PP-506,PP-507: Add support for requesting resources with logical 'or' and conditional operators

I just wanted to minimize the overhead of having more than one job from a job_set on the calendar. If scheduler adds more than one job then scheduler will reserve those resources and likely not run some other job which it could have. I get your point too, I will take this off the document

I’ll make this change in the document. It would really make things easy if we delete jobs as soon as one starts. I’ll keep this part of the change as “Experimental” since it can change based on feedback.

I’ll change the option to -Wjob_set that seems more readable. Subhasis had a similar question like you have of submitting a job where the job-id pointed by “job_set” option isn’t a job_set leader. I forgot to write this up, but, I think PBS server can just reject this job request. Users must know the job_set they are submitting to. What do you think?
While I am writing this, I think we need a command to just list down all the job_sets if we want users to submit to the right job_set. Otherwise, PBS server should just accept it and move the job under the right job_set (which in your example would be 103)
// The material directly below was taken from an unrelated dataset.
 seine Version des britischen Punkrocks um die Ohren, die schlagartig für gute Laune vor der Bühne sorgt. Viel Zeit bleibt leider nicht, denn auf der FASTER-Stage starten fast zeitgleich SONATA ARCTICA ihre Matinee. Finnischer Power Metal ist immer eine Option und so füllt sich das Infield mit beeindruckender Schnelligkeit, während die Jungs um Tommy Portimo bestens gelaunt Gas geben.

Output of such a command will be one job id which will be the ID of the job_set leader. Regarding rejecting the request, internally server will throw an error but qsub will ignore the reject and move on to the next resource request. It can also print a message on stderr about why a resource request could not be submitted but that might break backward compatibility. Server, on the other hand, will surely log the reason of rejecting a job submission.

I wanted to keep it as nfilter because it signifies what it is going to filter. If we extend this filter mechanism to replace limits or queues, server we can then call it as jfilter. It’s because based on the prefix “n” or “j” the whole input that is going to be passed to the filter can be easily interpreted.
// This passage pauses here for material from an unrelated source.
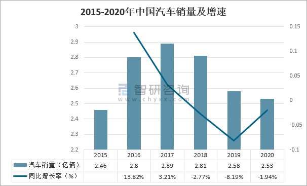 2015-2020年中國汽車銷量及增速

It isn’t same as job_sort_formula syntax. The reason is that formula just works on the resources requested by the job, so if the formula is like this “ncpus + 2 * mem” it is safe to assume that user is talking about resources requested by the job. In this case, we are exposing resources_available and resources_assigned on the nodes to the users. Both of these can have the same resource name, so we need a way to distinguish them.
Implementation wise this way of specifying filter can be easily interpreted in python if we expose two dicts (resources_assigned and resources_available) to it.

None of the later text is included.